Volume darah kurang lebih 10% dari berat badan termasuk intra cellular fluid dari sel darah merah (RBC). Distribusi cairan tubuh tergantung pada gradien osmotic. Air akan bebas melintasi membran sel dan akan berubah dengan cepat untuk menyeimbangkan sel dengan sekitarnya. Dengan mengatur konsentrasi plasma, ginjal akan mengatur tekanan osmotic cairan intra seluler (ICF) dan cairan ekstra seluler (ECF).
 I.3.    Na dan K
Konstituen osmotic utama ICF adalah K sedangkan ECF adalah Na. Keseimbangan ini diatur oleh system enzimatis yang membutuhkan energi (Na-K ATP-ase ; pompa sodium) yang tidak hanya mengeluarkan Na dari sel tetapi juga membawa K. Ketika tersedia energi yasng cukup, pompa membran yang mengelilingi sel akan membentuk gradien Na dan K yang dapat digunakan untuk mentransfer terlarut yang lain dan air, dengan perpindahan Na yang lebih besar dari K akan menghasilkan voltase yang menopang funsi dari jaringan yang tereksitasi. Hal ini akan mencegah sel dari pembengkakan dan kelebihan air yang terikat pada protein dan terlarut lain dalam ICF.
Ketika fungsi ini gagal atau terjadi kerusakan membran, K plasma akan meningkat, sel akan membengkak dan volume plasma akan menurun, keadaan ini dikenal dengan Sick Cell Syndrome. Pompa sodium akan meningkat aktivitasnya jika K plasma meningkat; insulin akan merangsang aktivitas ini dan sekresinya akan meningkat selama hiperkalaemia. b-adrenergik juga agonis terhadap K kedalam sel. Sekresi aldosteron dari kortek adrenal secara langsung akan terangsang dengan meningkatnya K plasma. Aldosteron akan merangsang mengekresikan K tidak hanya melalui urin tetapi juga melalui cairan usus dan keringat. 
I.4.    Keseimbangan Asam-basa
Hanya Ca plasma yang terikat pada albumin, ion H terikat pada beberapa senyawa.
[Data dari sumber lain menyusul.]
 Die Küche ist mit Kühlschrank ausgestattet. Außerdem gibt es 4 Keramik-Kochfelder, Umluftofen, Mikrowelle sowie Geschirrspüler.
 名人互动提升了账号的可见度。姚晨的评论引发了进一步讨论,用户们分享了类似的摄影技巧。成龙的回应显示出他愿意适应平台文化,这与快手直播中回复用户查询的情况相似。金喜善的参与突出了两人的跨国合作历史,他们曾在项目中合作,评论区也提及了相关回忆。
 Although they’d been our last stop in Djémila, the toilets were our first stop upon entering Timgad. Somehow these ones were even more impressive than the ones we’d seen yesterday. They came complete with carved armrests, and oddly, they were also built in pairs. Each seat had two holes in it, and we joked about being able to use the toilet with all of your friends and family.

Kebanyakan ion H+ terikat pada buffer.
CO2 + H2O      H2CO3  H+ + HCO3-
H+   a     H2CO3
               HCO3-
H+    a     PCO2
               HCO3-
Paru–paru dan ginjal secara langsung dapat merubah CO2 dan bicarbonat sehingga dapat mempengaruhi pH.
PH = pK + log (HCO3-)            (Handerson-Hasselbalch)
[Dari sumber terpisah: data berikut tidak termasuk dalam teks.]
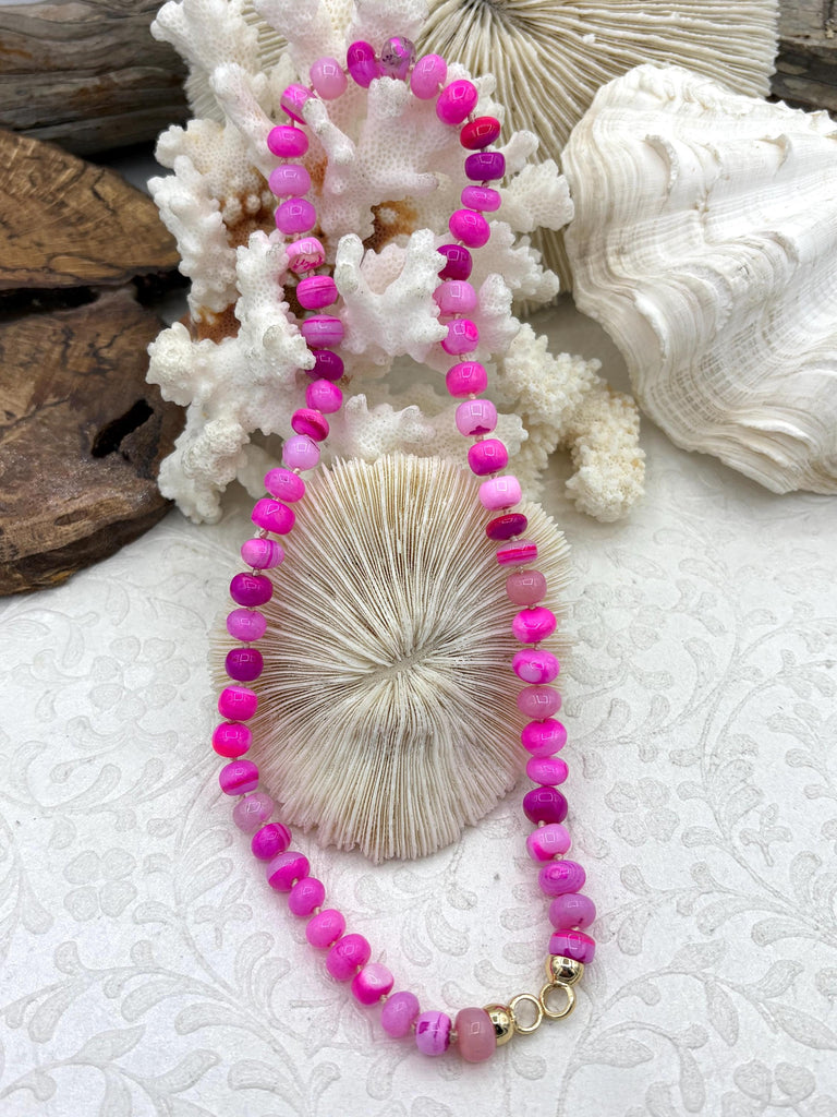 Peruvian Hot Pink Opal Hand Knotted Necklace

                        s x PCO2
pK = log dari konstanta dissosiasi
s    = adalah faktor solubilitas yang mengubah PCO2 menjadi mmol/lt.
Bicarbonat adalah buffer yang dominan, tetapi haemoglobin juga penting dan mempunyai aktivitas sebagai buffer. Jika terjadi kelebihan ion H+ pada saat asidosis maka akan diubah menjadi bentuk HHb dan akan merubah pH.
                        H+ + Hb-   HHb
I.5.    Fungsi Ginjal
Ginjal secara kontinu akan merubah 5% out put jantung menjadi protein bebas pada urin yang primitif (filtrat glomerulus), dan akan diserap kembali untuk memelihara volume normal plasma. Hal ini terjadi pada tubulus proksimal yang akan mereabsorbsi 66% Na dan Cl, reabsorbsi akan ditingkatkan dengan pengurangan volume dan mengakibatkanvolume ECF meningkat. Tubulus proksimal hanya dapat mempertahankan volume plasma tetapi tidak komposisi plasma yang tergantung banyak pada nefron bagian distal.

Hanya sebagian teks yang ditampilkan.